Update on Kansas Climate Commission

by Paul Chesser, Heartland Institute Correspondent on March 31, 2008

in Politics

Paul Chesser, Climate Strategies Watch

As I reported 10 days ago, Kansas's Kathleen Sebelius is the most recent state executive to create a state global warming commission — called the Kansas Energy and Environmental Policy Advisory Group — and like most other states hired the Center for Climate Strategies to manage the thing. Unfortunately also like a few of the states (Iowa, Maryland, South Carolina), Kansas apparently has no contract with CCS to create its government-"sponsored" climate advisory policy. Instead CCS and the commission will have no accountability to taxpayers and instead will be beholden to those who fund it: global warming alarmists like the Energy Foundation, the Rockefeller Brothers Fund, and the Sandler Family Supporting Foundation. In fact, the presence of Sandler money shows Kansas to be the first state in which clearly political leftist money is paying for what is supposed to be an "objective" policy development process.

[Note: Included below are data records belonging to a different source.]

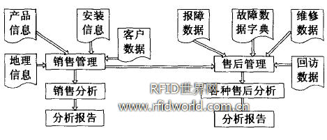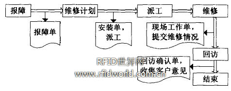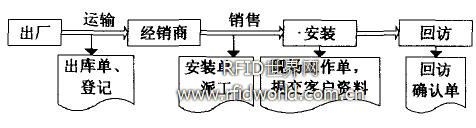 銷售工作流程如圖2所示。在圖2中.銷售管理過程中.產品出庫需要掃描電子標簽.登記產品出廠情況:在經銷商處.經銷商可連上互聯網登記產品到貨情況:在產品出售后,提交安裝單。由經銷商派工,安裝人員到現場安裝后,用手機與讀卡器掃描產品RFID。錄入相關安裝與客戶信息傳送提交到本部服務器。客服人員在收到安裝人員提交信息(在系統中自動形成)后,應適時進行客戶回訪(電話),登記回訪情況。至此,銷售完成。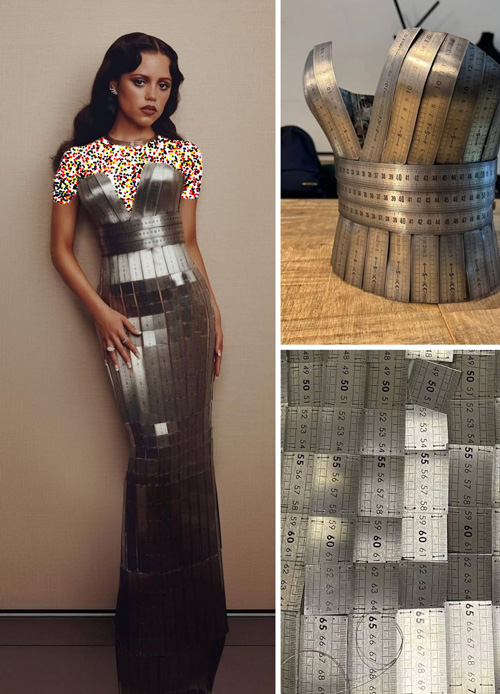 در نهایت، نمیتوان از لباس خاص جنا اورتگا در شبنشینی مد موزه متروپولیتن ۲۰۲۵ گذشت؛ طراحی اختصاصی اولیویه روستینگ برای برند «بالمن» و ساختهشده از خطکشهای فلزی. این لباس نهتنها خلاقانه، که ادای دینی بود به ابزار خیاطان و سازندگان الگو و درعینحال بازتاب کاربرد صنعتی مد در آینده.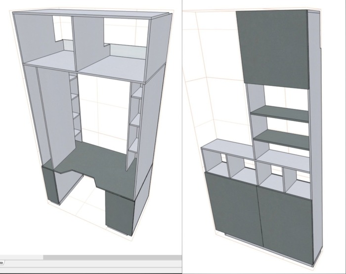 •Приступаем к процессу сборки. Я открыл программу pro100 и начал собирать используя проект как схему сборки, это удобно и наглядно, находим необходимую деталь по размеру и соединяем их друг с другом конфирматами. В некоторых местах соединения делал на уголки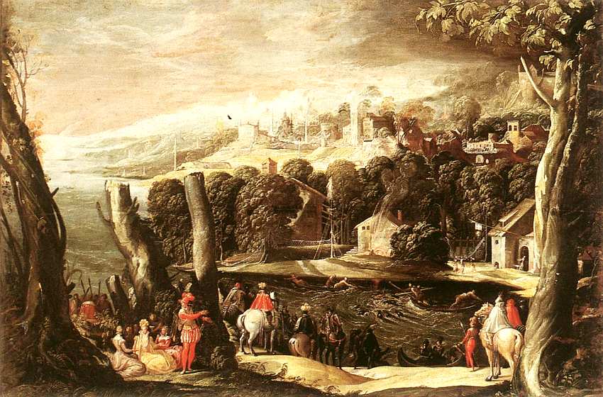 Раскинувшийся на полотне сияющий пейзаж, в котором видна каждая травинка и волна в реке и в то же время отмеченный космическим размахом, напоминает картины нидерландских мастеров и представителей дунайской школы живописи, особенно Альбрехта Альтдорфера. Это пейзаж реалистический и романтический одновременно, отсюда и впечатление сказки, создаваемое этим ландшафтом и таинственным городом вдали. Но данный холст — образец живописи маньеризма, в нем чувствуются изящество и стремление художника к игре.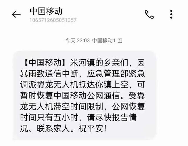 为了让灾区群众能打一个平安电话,应急管理部紧急调派翼龙无人机空中应急通信平台,跨区域长途飞行,穿越1200公里、历时4.5个小时抵达灾区,紧急覆盖网络信号,实现了约50平方公里范围长时稳定的连续移动信号覆盖,供受困群众通信报平安。
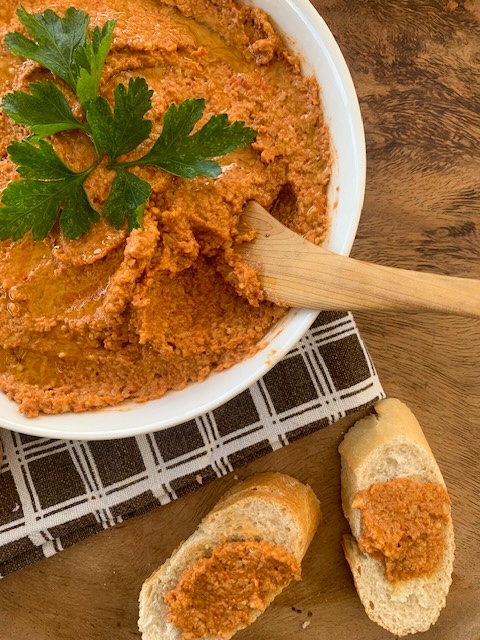 Muhammara has now ousted my smokey baba ghanoush as a family favorite at family celebrations and gatherings. It’s also delicious eaten on toast for breakfast the next day. ( It’s a good idea to keep some muhammara aside if you want any for breakfast I find whatever I put out at parties gets completely devoured.) You can also mix equal amounts of labneh (drained yoghurt) with muhammara to make a yoghurt dip. I’ve never actually tried this – I love muhammara too much as it is and have never felt the desire to mess around with it.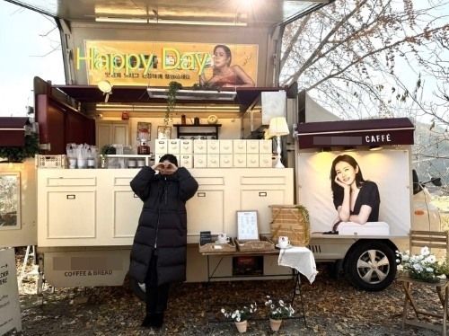손예진 역시 남편 현빈에게 커피차를 보낸 바 있다.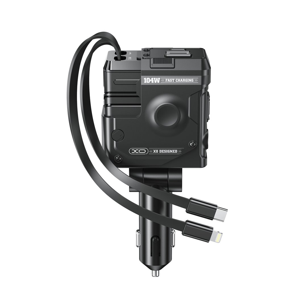 Το XO CC66 είναι ένας φορτιστής αυτοκινήτου εξοπλισμένος με 2 θύρες USB-C / USB-A, στις οποίες μπορείτε να συνδέσετε το κατάλληλο καλώδιο για τη φόρτιση κινητών συσκευών. Επιπλέον, είναι εξοπλισμένος με δύο επεκτάσιμα καλώδια, το ένα με ακροδέκτη USB-C και το άλλο με Lightning. Χάρη στις μικρές διαστάσεις του φορτιστή, η συσκευή καταλαμβάνει λίγο χώρο. Με τον φορτιστή αυτοκινήτου XO, δεν χρειάζεται πλέον να ανησυχείτε για μια αποφορτισμένη συσκευή κινητού ή tablet στο αυτοκίνητο. Εξοπλισμένος με υψηλή ισχύ 104W, θα σας επιτρέψει να φορτίσετε τρεις συσκευές ταυτόχρονα.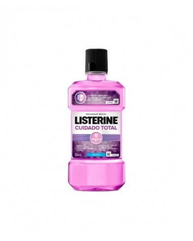 Elimina los gérmenes que causan la placa bacteriana y el mal aliento con el Enjuague Bucal Listerine Cuidado Total. Gracias a su fórmula basada en aceites esenciales, proporciona 24 horas de protección contra la placa y la tranquilidad de un aliento fresco y duradero. El enjuague bucal Listerine Mentol previene y reduce la placa, una de las principales causas de la inflamación de las encías. Elimina las bacterias entre los dientes, y refresca el aliento. Fortalece los dientes, mantiene el blanco natural de los dientes, ayuda a prevenir la gingivitis, elimina los gérmenes y proporcione un aliento fresco y duradero. Para buenos resultados Listerine recomienda utilizar el enjuague bucal dos veces al día. Verter 20ml en un vaso, enjuagar los dientes y encías durante 30 segundos y escupir. No recomendado para niños menos de 12 años.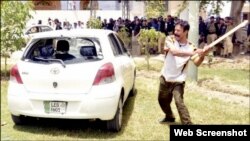 پولیس اہل کاروں کے ہاتھ میں ڈنڈے ہیں اور جیسے ہی گاڑی ان کے نرغے میں آئی انہوں نے گاڑی پر ڈنڈے برسانا شروع کر دیے۔
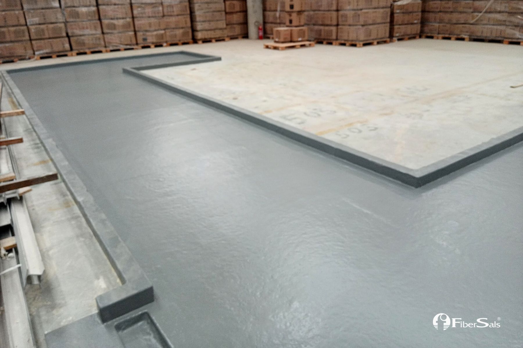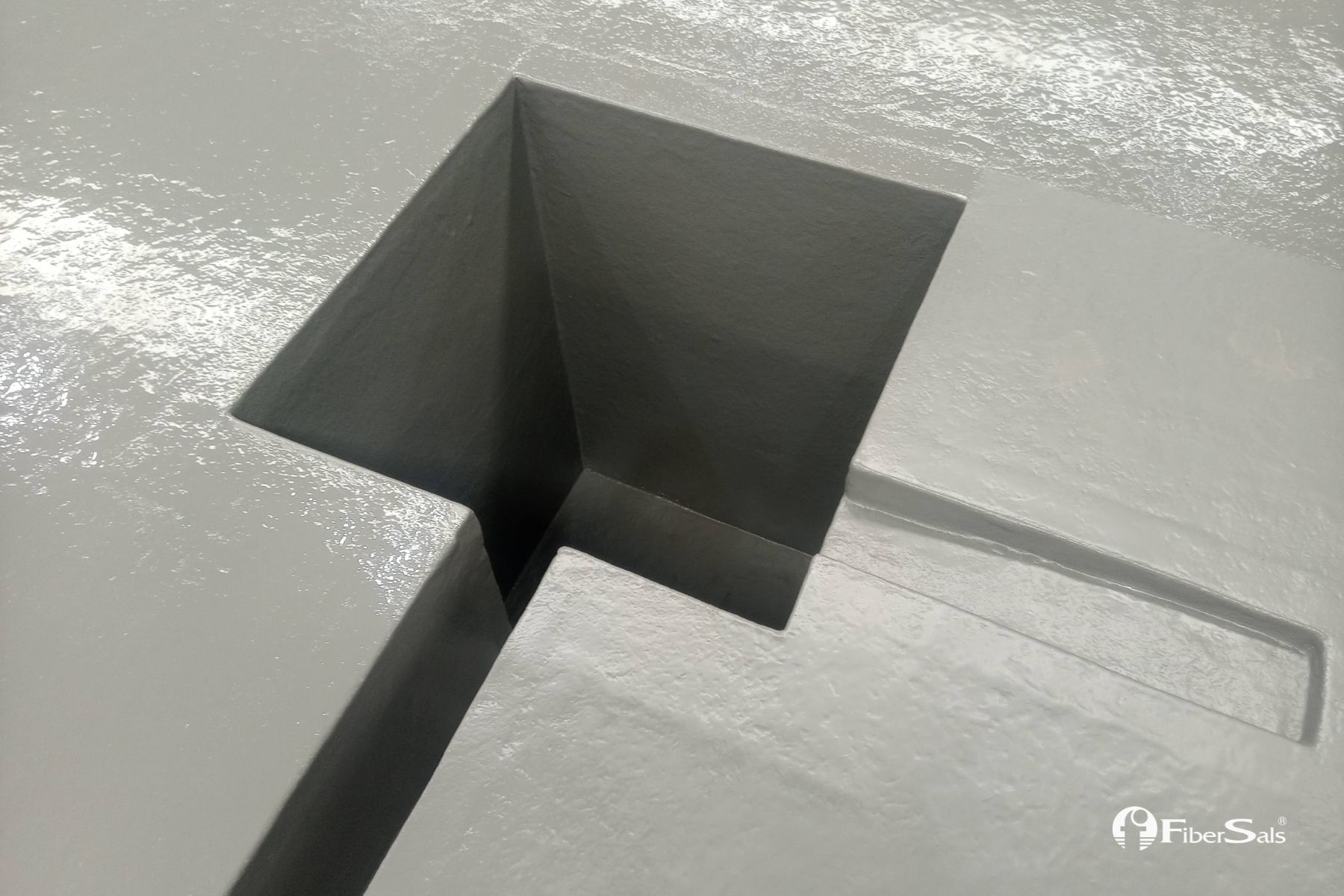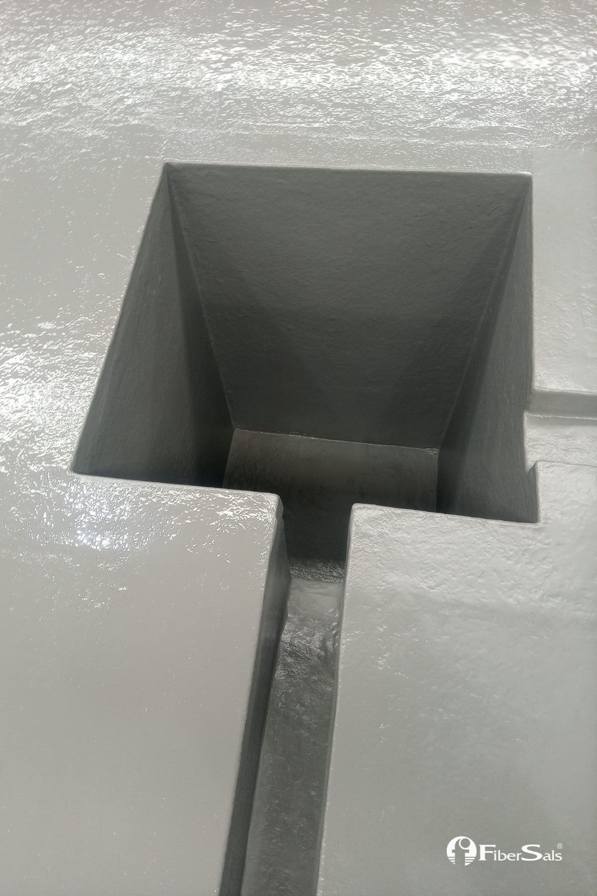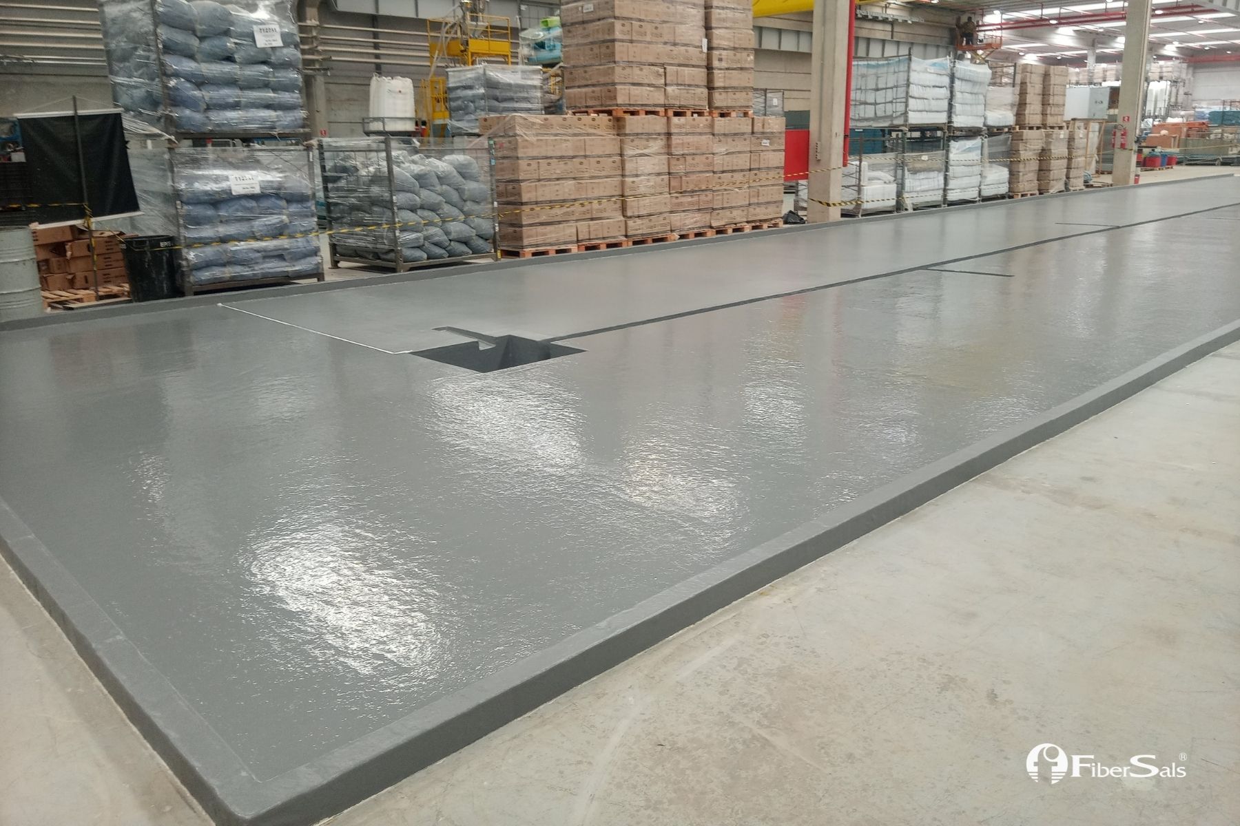 Realizamos a impermeabilização deste tanque de contenção química sem quebrar o piso. Foi utilizado o Sistema Fibersals 100% Poliéster para áreas industriais, dimensionado às necessidades do cliente.

Just a little while ago I called a couple of attorneys with the state to verify a few things. Dennis Highberger, with the Kansas Department of Health and Environment, told me that his agency has a contract with CCS to do its greenhouse gas emissions inventory, but no agreement to run the governor's commission. He referred me to Gov. Sebelius's office.

So then I called Sally Howard, her chief counsel, who informed me that the governor's office had no contract with CCS either. When I told her that KDHE said they had no contract and that it appears there is no contract with the state, she said she found that hard to believe. I told her that's the case with other states as well. What's the need for a contract when the state isn't paying anything, right?

Anyway, I did ask if the state budgeted anything for the commission — after all, at least a few bureaucrats are going to have to dedicate some time to this dog-and-pony show. She was unaware of any dedicated budget for the project, so if taxpayers want to know the amount of public employees' time devoted to the commission, they're out of luck.